This Memorial Day, it is natural to think about D-Day. The 75th anniversary of the largest sea and air invasion takes place in two weeks. That day left thousands of American servicemen killed and wounded, hundreds of which were Italian Americans. Ugo Giannini was there and survived the great invasion. Afterwards, he never talked about the war, but it lived in him from the moment he landed on Omaha Beach. It poured out in his art, but was not discovered until after he passed away in 1993.
The most well-known images of D-Day were photos printed in Life Magazine, but it was the recreation of the first wave of the invasion, depicted in the film “Saving Private Ryan” that brought some semblance of understanding of the carnage to those who were not there.
The only known drawings of D-Day were made by Ugo Giannini. That they survived is remarkable. Born in Newark, New Jersey in 1919, the son of a tailor and an opera singer, Giannini studied at the Newark School of Fine and Industrial Arts and the National Academy of Design in New York. World War II interrupted his studies. Beginning with the brutal Normandy Invasion, he produced a series of drawings culminating on V-E Day in 1945.
Giannini carried a drawing pad and pencil in his pack and made several frenetic sketches while taking cover from German shelling in a bomb crater. He would advance, take cover again and draw some more. Those first sketches are filled with energy; the urgency and fear are tangible. Drawn in pencil and pen, in a gritty, realistic style, the images show heavily burdened infantrymen trying to stay afloat in the seawater, crawling on the beach or dead among the ruins of a bombed out village. His day two sketches are more detailed and composed, but equally haunting. In one, a soldier looks out from the bluff of Pont du Hoc and sees a stretch of bodies piled on the beach.
Ugo was 25 years-old and in the Military Police on D-Day. His platoon arrived on the shores of France during the first wave. Only six men survived. Giannini wrote, “I retraced my way from the battered remains of Vierville-sur-Mer. I walked slowly dragging my unwilling soul with me and forcing it to inhale the death odor. I was alone, searching for my comrades – 37 men who were hurled ashore yesterday morning (Or was it years ago?)”
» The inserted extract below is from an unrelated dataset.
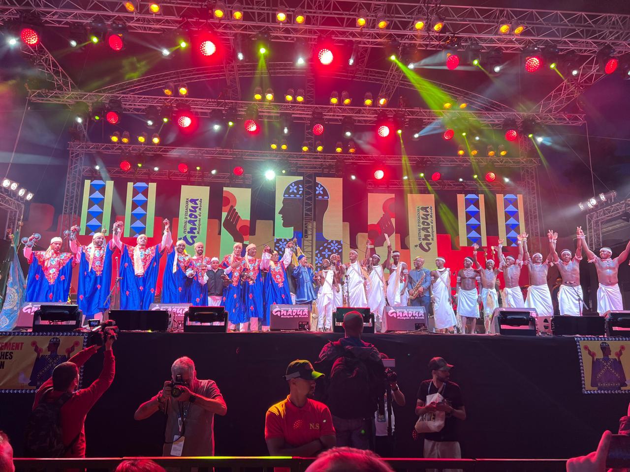 وسيشهد هذا العرض، لأول مرة، لقاء "استثنائيا" بين ثلاثة أصناف فنية مدرجة على قائمة اليونسكو للتراث الثقافي غير المادي، هي كناوة، الفلامنكو والزاولي، حيث سيمزج المعلمان حسن بوصو ومولاي الطيب الذهبي من المغرب، نفحاتهما الروحية مع إيقاعات المجموعة البرازيلية الملتزمة إيلي آيي، المكونة من عازفي إيقاع يروجون للمكوِّن الإفريقي في موسيقى "باهيا". في حين ستواجه مجموعة دومانلي، التي تمارس الزاولي - الفن الشعبي الإيفواري الذي يجمع، في نفس العرض، القناع والزي والموسيقى والرقص، فنان الفلامينكو نينو دي لوس رييس(إسبانيا) برفقة عازف الإيقاع سيرجيو مارتينيز (إسبانيا).

In total, Giannini mailed 27 drawings home to his mother in Newark. After the war, he continued his art education and began teaching at Caldwell College. He met his wife, Maxine, a concert pianist, six years after the war. The couple had two children and settled into a suburban life in a historic house in West Orange, New Jersey. Giannini had some success as an abstract artist, but never gave a hint about the images he produced during the war.
As his health declined, he made Maxine promise not to go through his art studio until six months after his passing, a request that she honored. When she finally went into the studio, Maxine found the sketches in folders. Mrs. Giannini later complied a book about the war drawings and letters from the artist titled, “Drawing D-Day: An Artist’s Journey Through War.”